Kim Kyung-Hoon, Reuters

Kim Kyung-Hoon, Reuters

Agriculture, automobile, aéronautique… à l’occasion de la visite, du 25 au 27 mars, du président chinois Xi Jinping, la France espère multiplier les contrats dans tous les domaines. Dans ce cadre, le secteur de l’énergie compte faire la démonstration de ce qu’il peut apporter à l’Empire du Milieu.

Malgré son statut de première consommatrice mondiale d’énergie, la Chine s’est jusqu’à présent montrée peu accueillante pour les entreprises françaises. Seuls quelques groupes ont réussi à s’implanter localement : EDF et Areva dans le domaine du nucléaire et Alstom dans celui des équipements destinés aux barrages hydroélectriques.

La donne a changé

Boostée par une consommation effrénée de charbon (plus de 80% de l’électricité totale produite), la Chine se retrouve aujourd’hui face aux propres limites de son modèle de développement. L’épais nuage de pollution qui recouvre les principales villes du pays est devenu un enjeu de santé publique majeur. A tel point que le Premier ministre, Li Keqiang, a récemment déclaré « la guerre au smog ».

Pour répondre à cette volonté de réduire la pollution et par corollaire l’utilisation du charbon, la France a de sérieux atouts à faire valoir. En plus des spécialistes du nucléaire déjà bien présents, des groupes comme GDF-Suez commencent à rencontrer quelques succès pour développer l’usage du gaz naturel et les usines de valorisation énergétique des déchets, comme à Nantong.

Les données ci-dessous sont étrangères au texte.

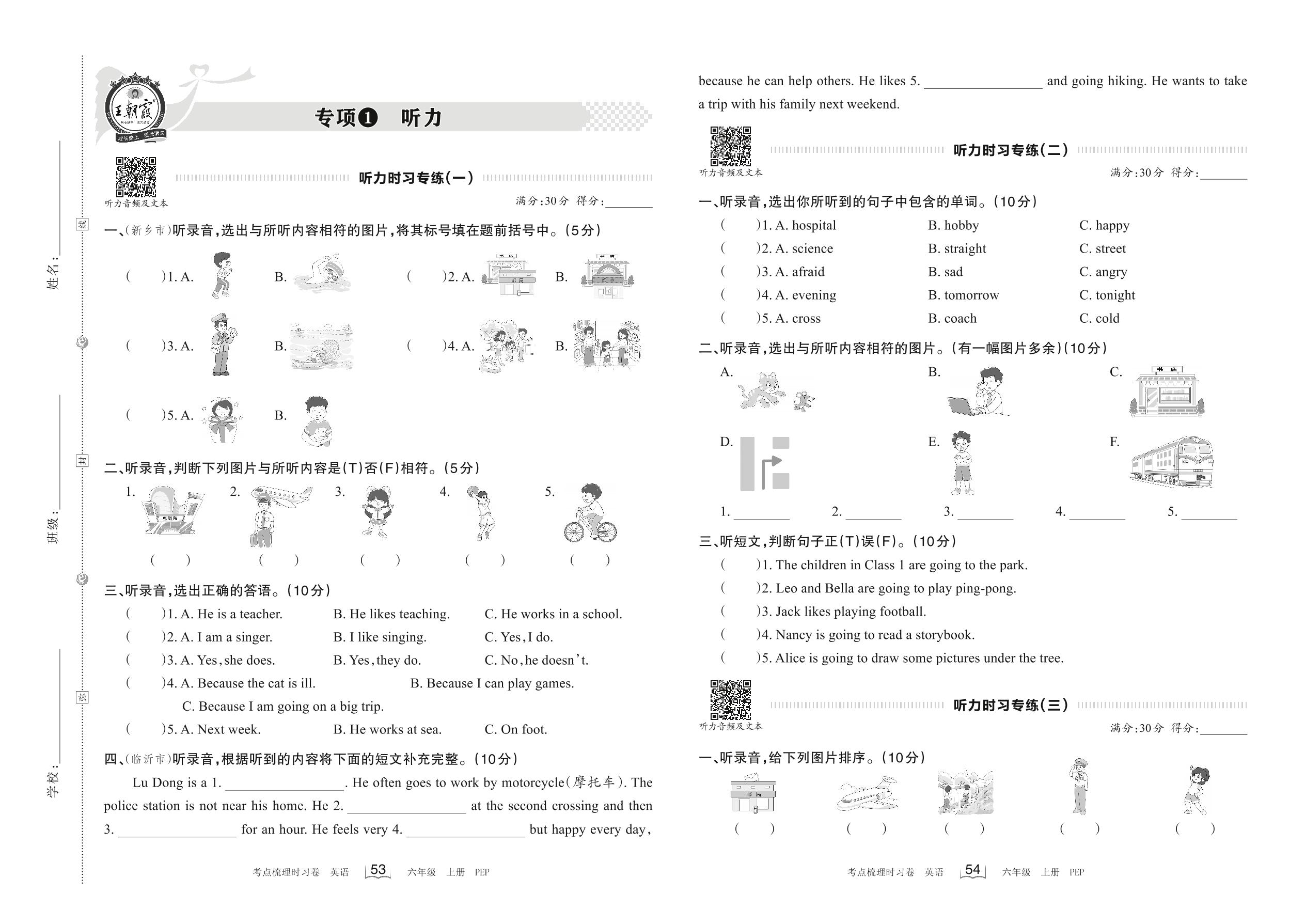 2022上册六年级英语人教PEP版 专项1 听力

La visite du chef d’Etat chinois est aussi l’occasion de présenter les réseaux électriques intelligents « made in France », domaine dans lequel l’Empire du Milieu a déjà investi près de 100 milliards de dollars et va continuer à investir.

Client ou concurrent ?

La Chine semble donc encline à s’ouvrir plus largement aux entreprises françaises spécialistes de l’énergie. Cependant, la déconfiture européenne dans le domaine des panneaux photovoltaïques est révélatrice des rapports de force qui s’exercent. La filière européenne n’a en effet pas résisté au rouleau compresseur industriel chinois (plus de 80% de la production mondiale), et l’ouverture d’une enquête de la commission européenne sur le dumping chinois (qui a entraîné un effondrement des prix) a fait long feu.

Surtout, au moment où l’économie française dispose encore d’atouts technologiques mais tourne au ralenti, l’Empire du Milieu dispose de sérieux leviers de négociation. Du propre aveu de Jean-Louis Chaussade, directeur général de Suez Environnement, « on n’échappera pas » aux transferts de technologies si les entreprises françaises veulent profiter de l’immense marché intérieur chinois.

C’est donc dans un jeu à double tranchant que s’engagent les groupes français de l’énergie. Les contrats qui pourraient être signés à la suite de la visite du président Xi Jinping ne doivent pas se limiter à des objectifs à court terme. Pour profiter durablement de l’essor économique chinois, il faudra tirer les leçons du naufrage industriel de la filière photovoltaïque.